Manhattan plot is the classical way to plot the results of a PheWAS analysis. It plots every tested phenotypical variables on the X-axis, against their *-log(pvalue)* on the Y-axis. The horizontal line represents the adjusted significance level threshold.

In [None]:
mask = variablesDict["pvalues"].isna()
df_results = variablesDict.loc[~mask,:].copy().replace([np.inf, -np.inf], np.nan)
df_results = df_results.loc[~df_results["log_p"].isna().values,:]

#### Specific adjustment to make this specific plot looks nicer
####### to adapt when changing data or dependent variable
df_results = df_results.replace({"TLC": "Spirometry",
                                 "New Gold Classification": "Quantitative Analysis", 
                  "Other": "Demographics",
                                "Eligibility Form": "Sociodemography and Administration"})
group_order={'6MinWalk': 0,
 'CT Acquisition Parameters': 1,
 'CT Assessment Scoresheet': 2,
 'Demographics and Physical Characteristics': 3,
 'Longitudinal Analysis': 5,
 'Medical History': 4,
 'Medication History': 13,
 'Quantitative Analysis': 9,
 'Respiratory Disease': 6,
 'SF-36 Health Survey': 11,
 'Sociodemography and Administration': 12,
 'Spirometry': 7,
 'VIDA': 15}
df_results["group_order"] = df_results["group"].replace(group_order)
df_results = df_results.sort_values("group_order", ascending=True)
df_results["simplified_name"] = df_results["simplified_name"].str.replace("[0-9]+[A-z]*", "").to_frame()
###


fig = plt.figure()
ax = fig.add_subplot(111)
colors = plt.get_cmap('Set1')
x_labels = []
x_labels_pos = []

y_lims = (0, df_results["log_p"].max(skipna=True) + 50)
threshold_top_values = df_results["log_p"].sort_values(ascending=False)[0:6][-1]

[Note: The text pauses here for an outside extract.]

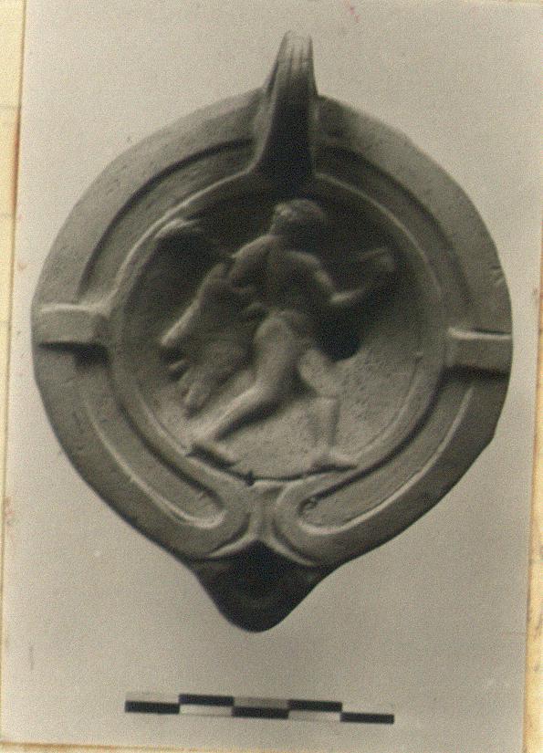 | Description: | Intact. Discus, decorated with reveller (?) to right carrying cup torch and cloak. Rim, plain with panels. Handle, pierced, two grooves above and below. Reverse, within single groove signature "ΤΡΗΤΙΟΥ". Type 27 of Agora collection. Early second century. | |

df_results["ind"] = np.arange(1, len(df_results)+1)
df_grouped = df_results.groupby(('group'))
for num, (name, group) in enumerate(df_grouped):
    group.plot(kind='scatter', x='ind', y='log_p',color=colors.colors[num % len(colors.colors)], ax=ax, s=20)
    x_labels.append(name)
    x_labels_pos.append((group['ind'].iloc[-1] - (group['ind'].iloc[-1] - group['ind'].iloc[0])/2)) # Set label in the middle
    for n, row in group.iterrows():
        if row["log_p"] > threshold_top_values:
            ax.text(row['ind'] + 3, row["log_p"] + 0.05, row["simplified_name"], rotation=0, alpha=1, size=8, color="black")
                
ax.set_xticks(x_labels_pos)
ax.set_xticklabels(x_labels)
ax.set_xlim([0, len(df_results) +1])
ax.set_ylim(y_lims)
ax.set_ylabel('-log(p-values)', style="italic")
ax.set_xlabel('Phenotypes', fontsize=15)
ax.axhline(y=-np.log10(adjusted_alpha), linestyle=":", color="black", label="Adjusted Threshold")
plt.xticks(fontsize = 9,rotation=90)
plt.yticks(fontsize = 8)
plt.title("Statistical Association Between COPD Status and Phenotypes", 
          loc="center",
          style="oblique", 
          fontsize = 20,
         y=1)
xticks = ax.xaxis.get_major_ticks()
xticks[0].set_visible(False)
handles, labels = ax.get_legend_handles_labels()
plt.legend(handles = handles, labels = labels, loc = "upper left")
plt.show()

Overall, it appears that most of the tested phenotypes covariates are above the adjusted threshold of significant association. However, it is not that surprising given the nature of our dependent variable: a lot of the collected phenotypic variables are correlated to the COPD status.

This code can be used directly with any other variable present in the variable Dictionary. Only the `dependent_var_name` variable need to be changed.